Some implementations restore all the registers to the way they were when
the *setjmp* was called, but this is often unsatisfactory in general and
can be very unsatisfactory when compilers really start playing games with
register usage.

Said register-usage games also make it impractical to specify behavior
that depends on whether the programmer explicitly declared things "register".
(Although some of us tried to point out that the set of compilers which *do*
play register games but *don't* compile whole functions at a time must be
pretty small, so it would not be a disaster to require the register-game
compilers to do call bracketing.  Alas, our wise words :-) were not heeded.)

There just ain't no graceful way.
-- 
Imagine life with OS/360 the standard  | Henry Spencer at U of Toronto Zoology
operating system.  Now think about X.  |  henry@zoo.toronto.edu   utzoo!henry

tom@ssd.csd.harris.com (Tom Horsley) (10/08/90)

>>>>> Regarding Re: Ambiguity in definition of setjmp/longjmp makes them much less useful; henry@zoo.toronto.edu (Henry Spencer) adds:

henry> Some implementations restore all the registers to the way they were
henry> when the *setjmp* was called, but this is often unsatisfactory in
henry> general and can be very unsatisfactory when compilers really start
henry> playing games with register usage.

Wrong! With compilers that play register games restoring the registers as
they were at the time of the setjmp is the ONLY implementation that works
at all (unless setjmp is recognized as a special construct by the compiler,
which I agree is the best way). In any optimizing compiler which is likely
to do things like keep common sub-expressions in registers, the following
simple example shows the requirement for restoring the registers as of the
setjmp() call:

{
   ...
   /* compiler computes a CSE and keeps it in register 47 */
   if (setjmp(...) != 0) {
      /* compiler references the CSE in register 47 */
   }
   /* compiler makes last reference to CSE in register 47 */
   ...
   /* compiler now has something totally different in register 47 */
   longjmp(...)
}

(In the above example register 47 is assumed to be a register that is not
normally destroyed by a function call).

If you were to unwind the stack and restore the registers as of the
longjmp() call, you would get back to the setjmp() with random gibberish in
the register the code generator expected to contain a CSE value.

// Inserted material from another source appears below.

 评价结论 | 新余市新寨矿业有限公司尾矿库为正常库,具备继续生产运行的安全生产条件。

Personally, I believe that compilers should support setjmp() as a special
construct - simply making might-goto arcs from every other function call to
a point immediately following any setjmp() calls would add enough
information to the flow graph for an optimizing compiler to recognize the
funny lifetimes that registers might have and volatile would only be needed
for variables that interact with signal handling code (since a signal
can happen anywhere in the program, not just at a function call).

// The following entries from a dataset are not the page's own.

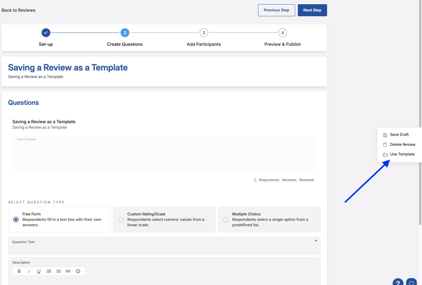 TIP: Save your review as a template if you plan on using it again in the future. Once you publish it, you will NOT be able to convert it to a template.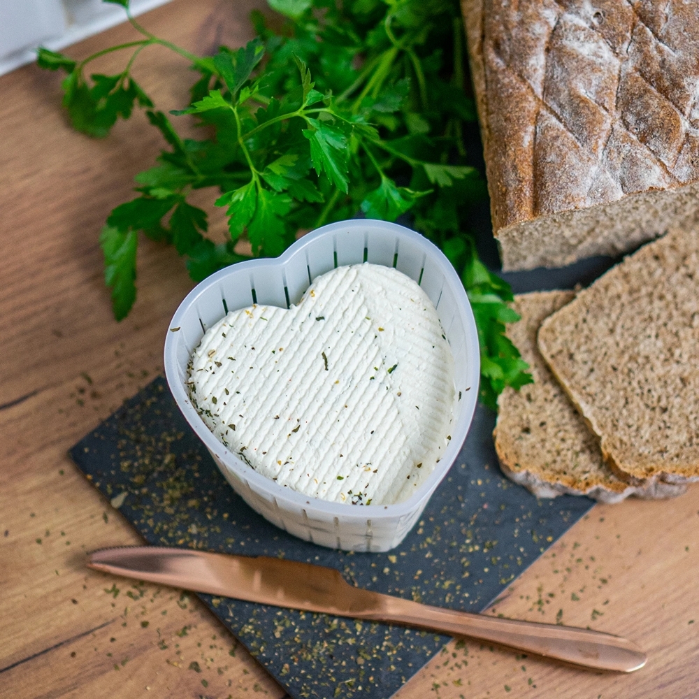 Použitím této formy sýr získá tvar srdce. Forma je vhodná pro 400 g hmoty.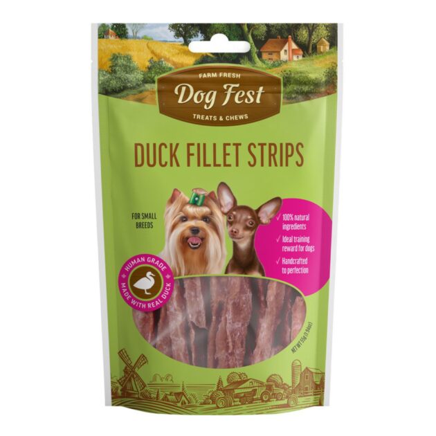 Dogfest Duck small dog breed treats are the perfect snack for your furry friend. Made with 100% natural and healthy ingredients, these treats are free from artificial flavors, colors, and preservatives. Our human-grade meat is sourced directly from farms and is the first ingredient, high in protein to provide your dog with energy. Ancestral to dogs, Duck is a tasty treat that will make your pet feel like royalty. Recommended for all small dog breeds, from Shih Tzus to beagles, these soft, chewy treats are perfect for smaller dog breeds. Find the best, imported, premium, and dried dog treats that are healthy, natural, and delicious.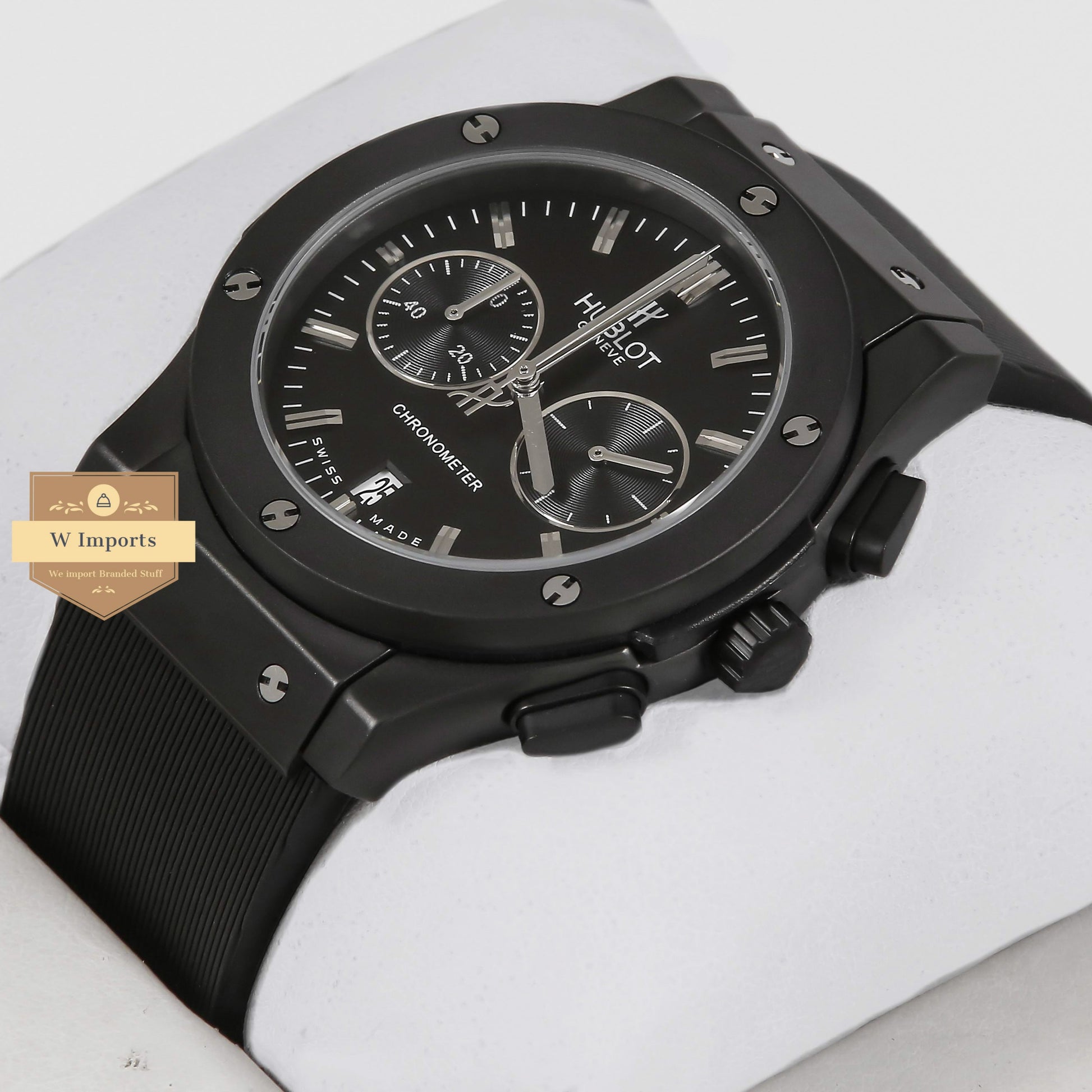 Latest Collection Chronograph Black Case With Black Dial & Black Rubber Strap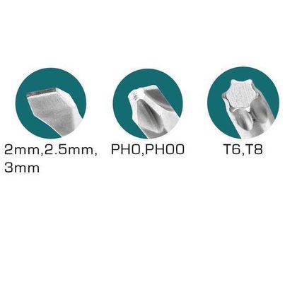 Bộ 7 cái vít chuẩn gồm: SL2.0*50,SL2.5*50SL3.0*50, PH00*50,PH0*50,T6*50,T8*50. Chất liệu CR-V. Tay cầm tiện dụng, thoải mái - 120/T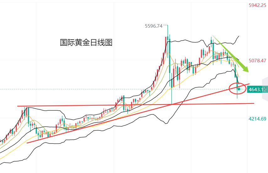 从之后的走势看,昨日周四亚盘开盘后,黄金回落4804美元企稳,反弹4866美元遇阻,欧盘开盘后,黄金向下突破,失守4800美元整数位置,此后一路向下,一直到美盘开盘后,刷新日低至4502美元,大跌超过300美元,此后金价企稳反弹,收盘价4650美元,收回近半跌幅。总体来看,黄金承压下跌,延续了之前的回落趋势,短期跌幅略超预期。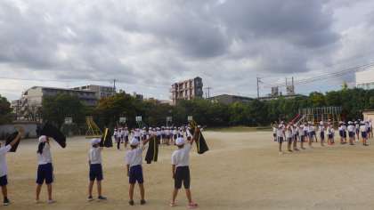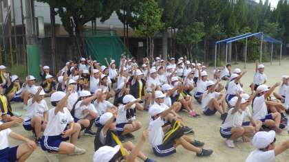 手の伸ばしかた,移動の仕方,今までに練習したことを復習しつつ,より良い演技を目指して練習を重ねています。掛け声のタイミングも確認して,かっこよくそろえることができるように頑張っています。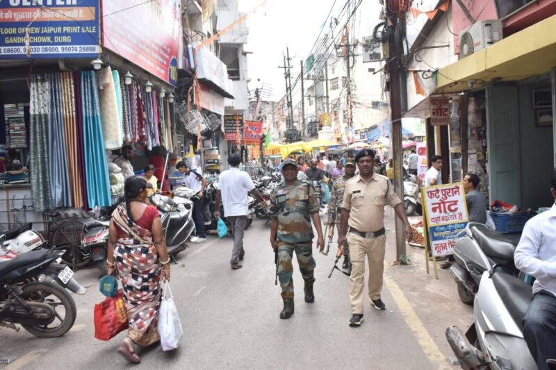 दुर्ग पुलिस ने दीपावली पर सुरक्षा के कड़े प्रबंध किए, बाजारों में तैनात किए हथियारबंद पुलिस बल

Until the day that compilers properly support setjmp() however, the only
implementation of setjmp() that stands a chance of interacting correctly
with an optimizing compiler is one that restores the registers as of the
setjmp() call. Unfortunately, this also means that the only user code that
stands a chance of interacting correctly with an optimizing compiler is code
that correctly declares all variables volatile where necessary.  Since the
phrase "where necessary" is difficult (if not impossible) for an ordinary
mortal to figure out, the obviously best solution is to fix compilers to
special case setjmp().
--
======================================================================
domain: tahorsley@csd.harris.com       USMail: Tom Horsley
  uucp: ...!uunet!hcx1!tahorsley               511 Kingbird Circle
                                               Delray Beach, FL  33444
+==== Censorship is the only form of Obscenity ======================+
|     (Wait, I forgot government tobacco subsidies...)               |
+====================================================================+

shankar@hpclscu.HP.COM (Shankar Unni) (10/09/90)

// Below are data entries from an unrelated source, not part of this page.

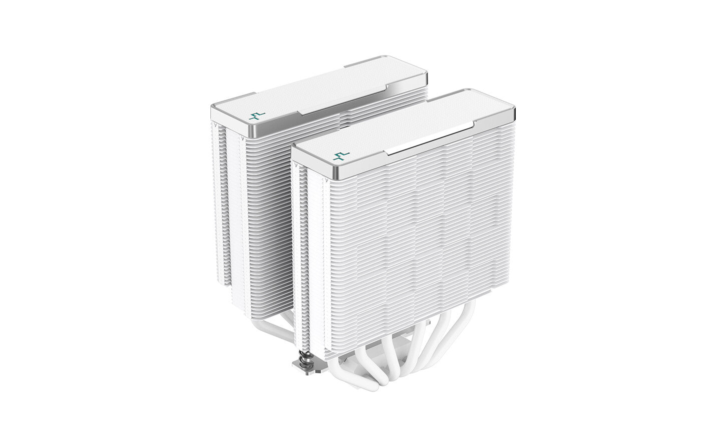 Achieve dominant cooling and silent efficiency with the DeepCool AK620 WH High Performance CPU Cooler equipped with six copper heat pipes stacked with a dense dual-tower fin array and two 120 FDB fans.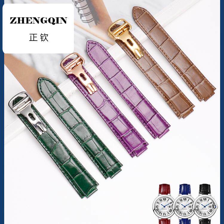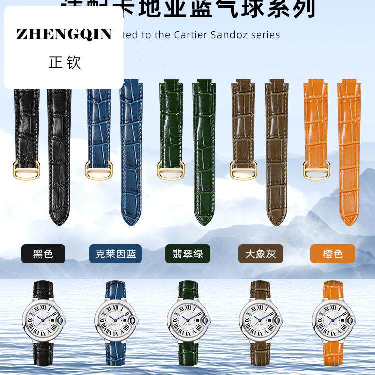 雷帝适配同款卡地亚蓝气球手表带真皮鳄鱼纹牛皮Cartier皮表凸口
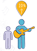 Research shows that formal music education contributes to cognitive development. Elementary school students in higher quality music education programs saw a 20% improvement in standardized tests of English and math.*

> My real question is this:  Why not define the behavior of setjmp/longjmp so
> that the values of ALL local variables are defined, whether or not they've
> been allocated to registers?  Otherwise, setjmp/longjmp are significantly
> less useful.

Because you want to be able to keep variables in registers. By your
definition, no local variable in a routine that calls setjmp() can ever be
kept in a register beyond a statement boundary. Consider:


    jmp_buf xxx;
    
    foo()
    {
       int i = 0;
       
       if (setjmp(xxx)) {
          i = 5;
	  
	  bar();
       }
    }

    bar()
    {
       longjmp (xxx, 10);
    }

Thus, unless foo() is a leaf routine, you have to assume the worst and keep
"i" in memory.

Most people consider this an unacceptable penalty to pay for what is, at
most, fringe functionality. After all, as you discovered yourself, making
"i" volatile makes it work exactly the way you want it to.

I strongly disagree with the "significantly less useful" part of your
statement above.  Setjmp/longjmp are relatively expensive operations used
to recover from extraordinary situations, and the only sort of guarantees
envisioned by the designers were to:

   - exit the program gracefully, or
   - re-initialize the program to some known initial state.

If you want to implement a general-purpose exception-handling facility, use
"volatile" liberally (or use a C++-like front-end which will do it
automatically for you).
-----
Shankar Unni                                   E-Mail: 
Hewlett-Packard California Language Lab.     Internet: shankar@hpda.hp.com
Phone : (408) 447-5797                           UUCP: ...!hplabs!hpda!shankar

brnstnd@kramden.acf.nyu.edu (Dan Bernstein) (10/09/90)

In article <1990Oct8.031745.28651@zoo.toronto.edu> henry@zoo.toronto.edu (Henry Spencer) writes:
  [ on the pain of making setjmp() reliable ]
> There just ain't no graceful way.

Actually, there is a reasonably clean way to correctly allocate
registers through jumps, without any overhead. All you need is to be
able to load and save all the registers on demand from the fixed memory
locations that they correspond to. So you keep a map of register
allocation along with the code. The fun part is figuring out how to
store the map without wasting too much memory; there are different
techniques for different register allocation strategies. I don't
remember who I heard this from.

Certainly the existing setjmp()/longjmp() is quite useless. I had to
give up on a threads library because some machines (notably a Convex,
and a Sun under gcc) simply refused to treat register variables
correctly across jumps. (I say correctly in the intuitive sense that
putting a variable into a register shouldn't change its behavior at all,
not in the ANSI sense. Declaring all variables volatile just so your
program will work? Gimme a break.)

---Dan

cameron@usage.csd.oz (Cameron Simpson) (10/09/90)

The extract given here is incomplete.